PROBLEM TO SOLVE –
Quote every line below exactly and skip any picture.

SUPPLIED DATA –
────

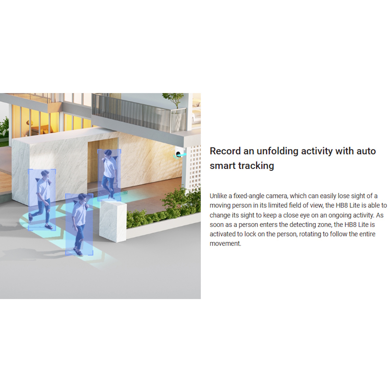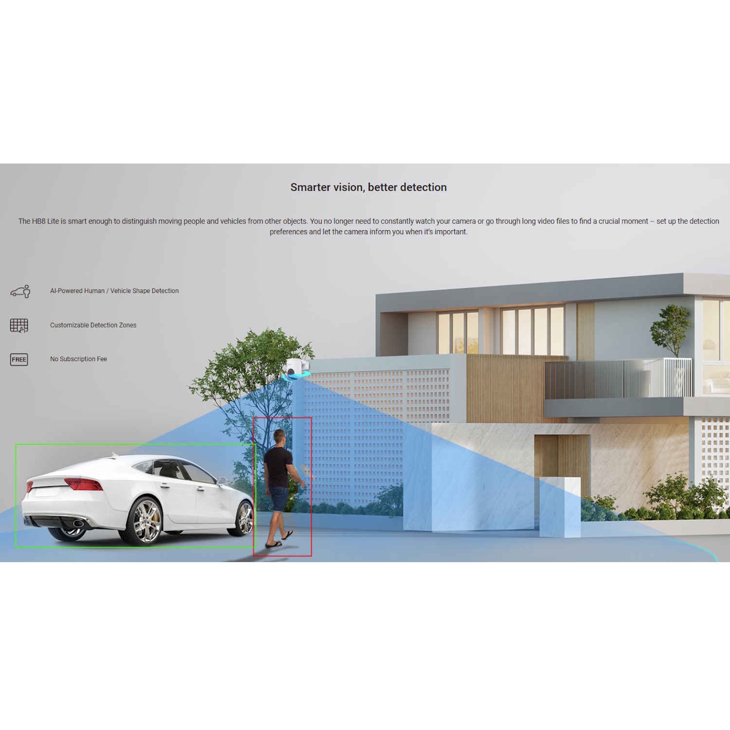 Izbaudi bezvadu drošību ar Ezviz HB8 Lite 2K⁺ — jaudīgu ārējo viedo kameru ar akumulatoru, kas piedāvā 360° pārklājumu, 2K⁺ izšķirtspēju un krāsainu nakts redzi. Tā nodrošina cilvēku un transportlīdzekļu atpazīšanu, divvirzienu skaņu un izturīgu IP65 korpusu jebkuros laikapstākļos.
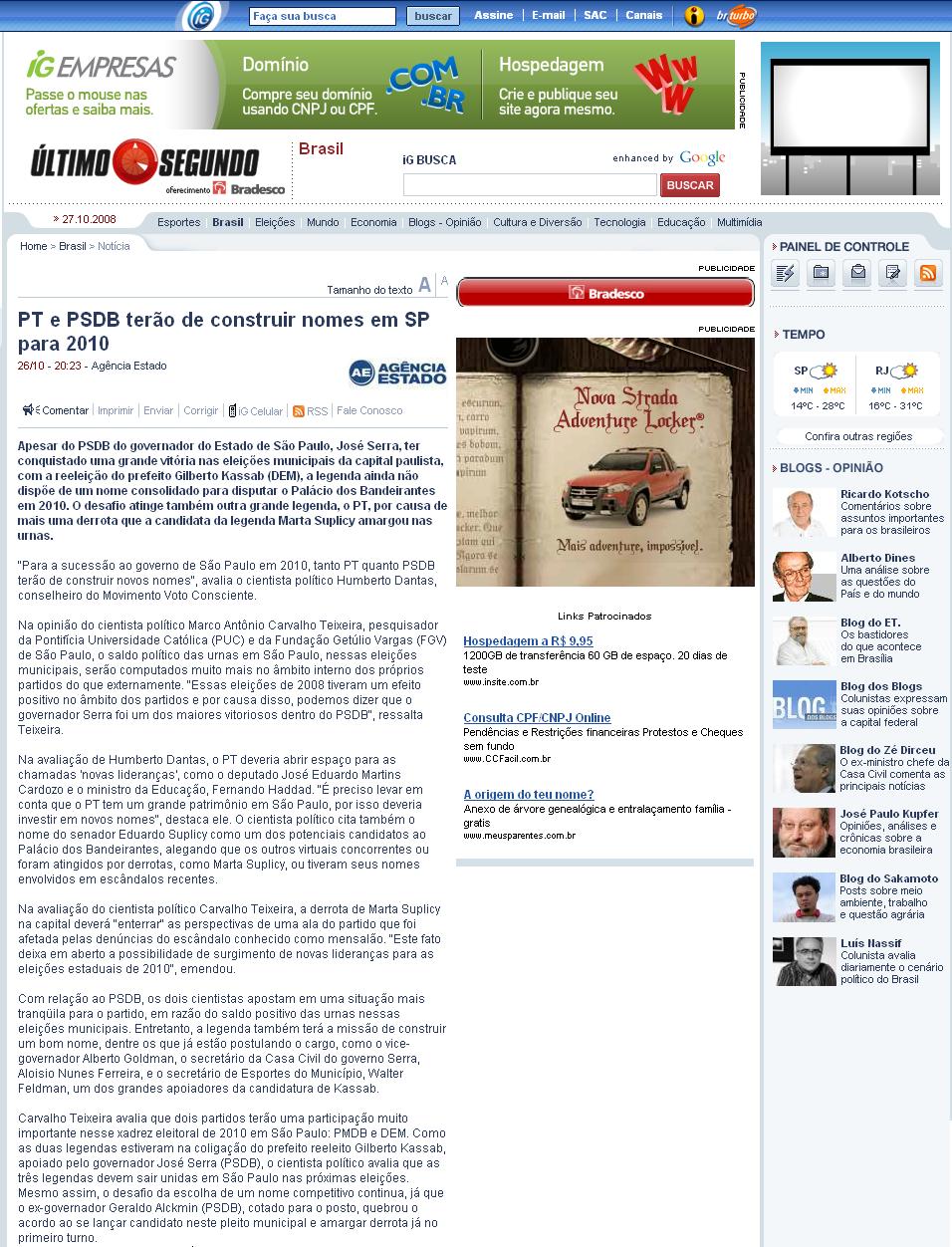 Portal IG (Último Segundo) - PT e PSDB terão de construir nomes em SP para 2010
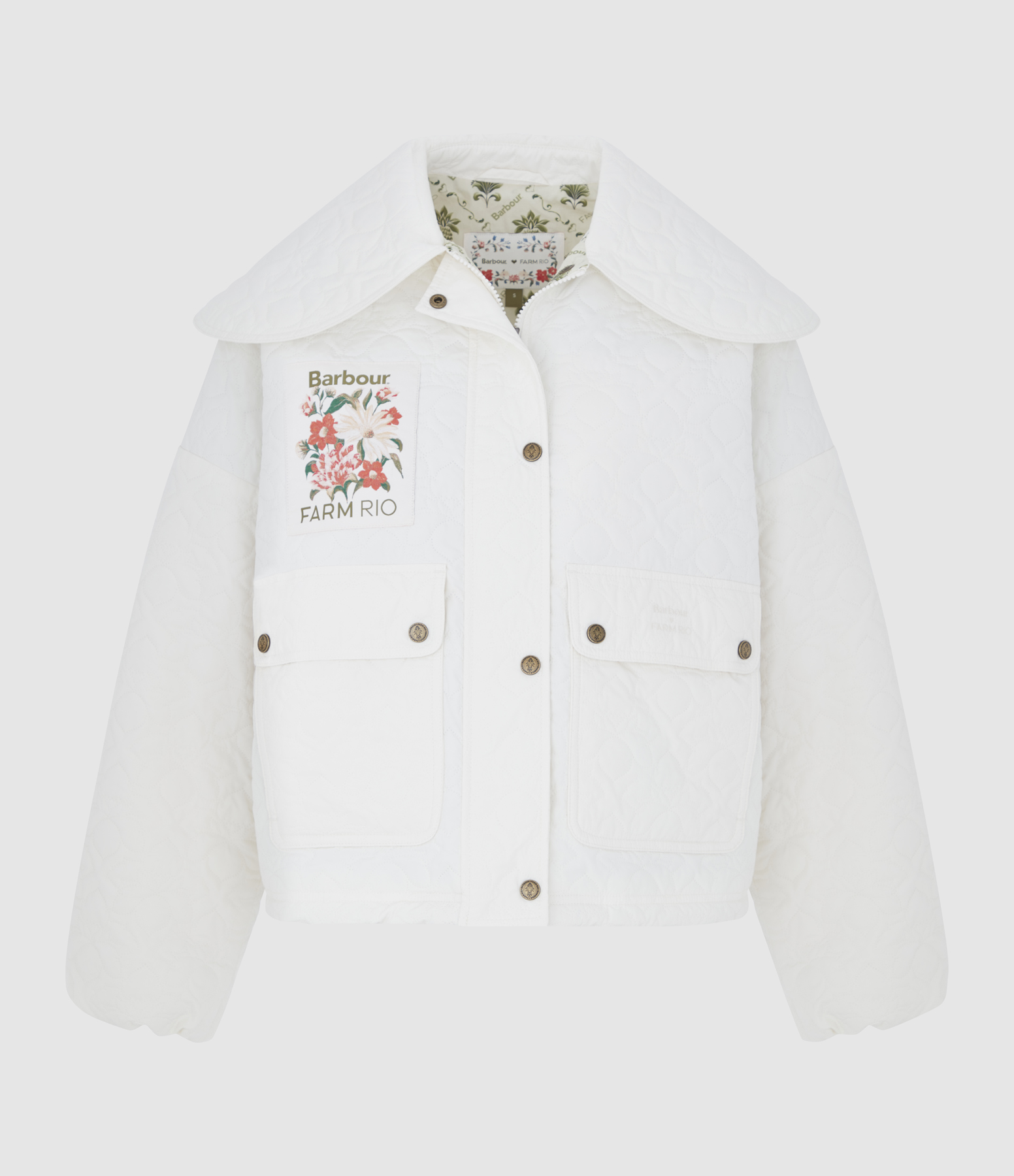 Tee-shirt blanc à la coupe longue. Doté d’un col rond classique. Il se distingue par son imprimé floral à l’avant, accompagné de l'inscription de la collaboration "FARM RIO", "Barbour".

────

SOLUTION BELOW –
 Izbaudi bezvadu drošību ar Ezviz HB8 Lite 2K⁺ — jaudīgu ārējo viedo kameru ar akumulatoru, kas piedāvā 360° pārklājumu, 2K⁺ izšķirtspēju un krāsainu nakts redzi. Tā nodrošina cilvēku un transportlīdzekļu atpazīšanu, divvirzienu skaņu un izturīgu IP65 korpusu jebkuros laikapstākļos.
 Portal IG (Último Segundo) - PT e PSDB terão de construir nomes em SP para 2010
 Tee-shirt blanc à la coupe longue. Doté d’un col rond classique. Il se distingue par son imprimé floral à l’avant, accompagné de l'inscription de la collaboration "FARM RIO", "Barbour".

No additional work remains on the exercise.